▸ ACTION ITEM
Take the data below and extract the lines from the one with "- 再度「自分のデータをダウ" to the one with "1. Если горшочек", inclusive, exactly as written.

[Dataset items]
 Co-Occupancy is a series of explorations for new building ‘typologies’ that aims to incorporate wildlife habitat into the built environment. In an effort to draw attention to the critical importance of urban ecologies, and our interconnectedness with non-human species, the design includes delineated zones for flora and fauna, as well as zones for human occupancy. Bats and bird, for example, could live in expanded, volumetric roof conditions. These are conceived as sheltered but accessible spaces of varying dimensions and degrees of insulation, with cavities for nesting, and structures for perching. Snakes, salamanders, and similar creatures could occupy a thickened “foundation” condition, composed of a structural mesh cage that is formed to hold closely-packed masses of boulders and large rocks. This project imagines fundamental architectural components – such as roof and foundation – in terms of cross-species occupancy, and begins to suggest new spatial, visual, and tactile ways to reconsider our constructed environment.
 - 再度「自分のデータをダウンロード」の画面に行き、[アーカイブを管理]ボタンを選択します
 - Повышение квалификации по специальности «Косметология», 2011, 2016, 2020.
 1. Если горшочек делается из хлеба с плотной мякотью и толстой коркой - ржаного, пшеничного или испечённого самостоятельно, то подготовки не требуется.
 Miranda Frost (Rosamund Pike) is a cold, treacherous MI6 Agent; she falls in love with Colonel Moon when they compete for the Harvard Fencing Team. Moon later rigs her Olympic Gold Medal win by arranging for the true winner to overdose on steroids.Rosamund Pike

▸ YOUR RESPONSE
 - 再度「自分のデータをダウンロード」の画面に行き、[アーカイブを管理]ボタンを選択します
 - Повышение квалификации по специальности «Косметология», 2011, 2016, 2020.
 1. Если горшочек делается из хлеба с плотной мякотью и толстой коркой - ржаного, пшеничного или испечённого самостоятельно, то подготовки не требуется.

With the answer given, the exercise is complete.